文摘Soil aggregate stability as a key indicator of soil structure, is a product of interactions between soil environment, management practices, and land use patterns. The objective of this study was to analyze the impact of various land use patterns on soil aggregate stability in Sichuan Basin of southwestern China. The dry- and water-stable aggregate size distributions were determined by manual dry sieving procedure and Yoder's wet sieving procedure, respectively, while microaggregates and its mechanical and chemical stabilities by Kachisky's method, oscillator method, and citrate-dithionate (C-D) reagent method, separately.
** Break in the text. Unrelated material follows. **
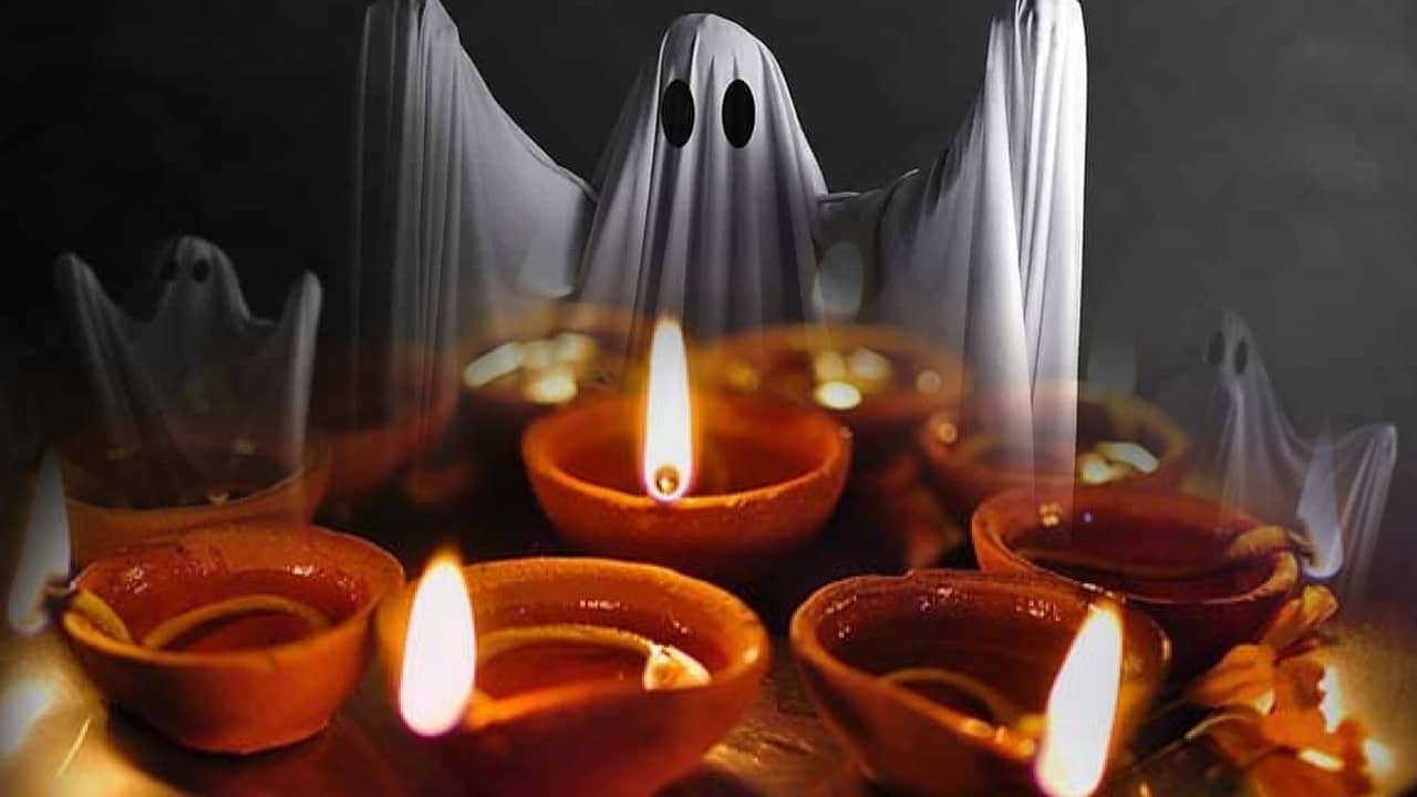 ভূত চতুর্দশীর দিন তেলের প্রদীপ জ্বালিয়ে যমদ্বীপ দান করার বিধান রয়েছে। বলিরাজার অশরীরী-আত্মা বা ১৪ পূর্বপুরুষের প্রেতাত্মা ছাড়াও এদিনের সঙ্গে রয়েছে ভৌতিক ব্যাপার-স্যাপারও রয়েছে।

The results indicated that fractal dimension and surface fractal dimension were useful indicators to reflect soil aggregate distribution. Land use patterns have an obvious influence on soil aggregate stability. In the study area, water stability, mechanical stability, and chemical stability followed the sequence, Barren land 〉 forestland 〉 orchard 〉 cropland, and the original stability and collapse velocity were sensitive to soil properties and soil structure. The difference of aggregate stability under different land use patterns is mainly due to the intensity of human disturbance and cultivation. Improper land use patterns will lead to breakdown of unstable aggregates, producing finer and more-easily transportable particles and microaggregates. In the future, inappropriate cultivation and land use patterns should be changed to protect soil structure, to improve soil aggregate stability and soil fertility in Sichuan Basin.